Senna venusta, commonly known as graceful cassia, is a species of flowering plant in the family Fabaceae and is endemic to northern Australia. It is an erect shrub with pinnate leaves with six to fifteen pairs of oblong to egg-shaped leaflets, fifteen to forty yellow flowers arranged in upper leaf axils in a cone-like head, each flower with seven fertile stamens and a flat pod.

==Description==
Senna venusta is an erect shrub that typically grows to a height of up to 2 m, with soft hairs on vegetative parts but mostly otherwise glabrous. Its leaves are pinnate, 100–350 mm long on a petiole 10–30 mm long, with 6 to 15 pairs of oblong to egg-shaped leaflets 30–80 mm long and 10–35 mm wide, spaced 15–30 mm apart. The flowers are yellow and densely arranged in cone-like heads of 15 to 40 in upper leaf axils and ends of branchlets on a peduncle 40–80 mm long, each flower on a pedicel 12–15 mm long. The petals are about 15 mm long and there are seven fertile stamens and three staminodes in each flower, the anthers of two different lengths. Flowering occurs from February to September, and the fruit is a flat pod 40–80 mm long and 9–14 mm wide.

==Taxonomy==
This species was first formally described in 1859 by Ferdinand von Mueller who gave it the name Cassia venusta in his Fragmenta Phytographiae Australiae. In 1990, Barbara Rae Randell transferred the species to Senna as S. venusta in the Journal of the Adelaide Botanic Gardens. The specific epithet (venusta) means 'charming' or 'beautiful'.
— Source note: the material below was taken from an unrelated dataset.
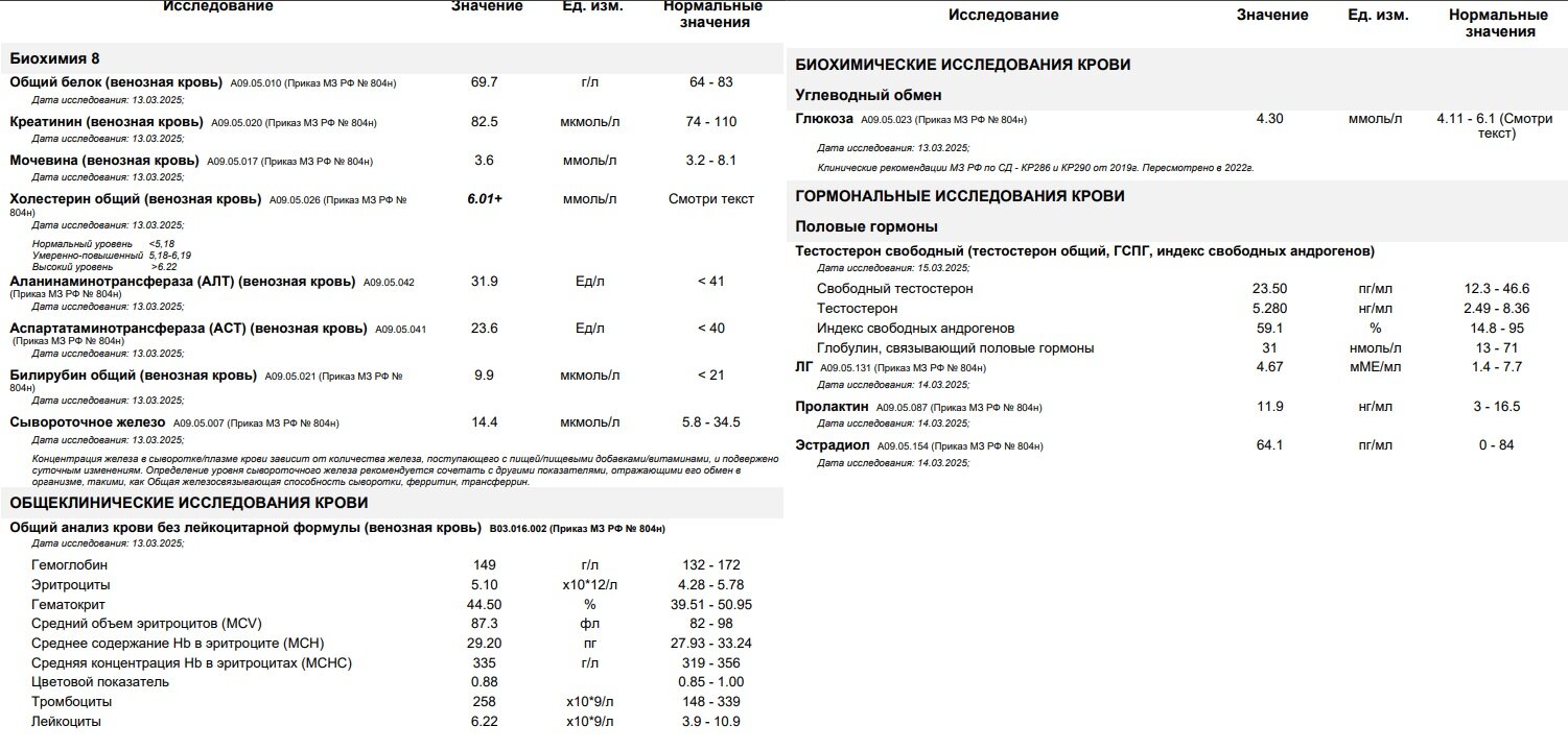 @Dragon добрый день. Прошло две недели курса, сдал анализы и ниже прикрепляю результаты. Скажи, что то будем корректировать или дополнительно принимать? Следующие анализы через сколько сдавать?

==Distribution and habitat==
Senna venusta grows in sand on gravel or in lateritic soils, often with Triodia species, and is widespread in arid areas of northern Western Australia and the Northern Territory, with a few collections in north-western Queensland.

==Conservation status==
Senna venusta is listed as "not threatened" by the Government of Western Australia Department of Biodiversity, Conservation and Attractions, as of "least concern" under the Northern Territory Government Territory Parks and Wildlife Conservation Act and the Queensland Government Nature Conservation Act 1992.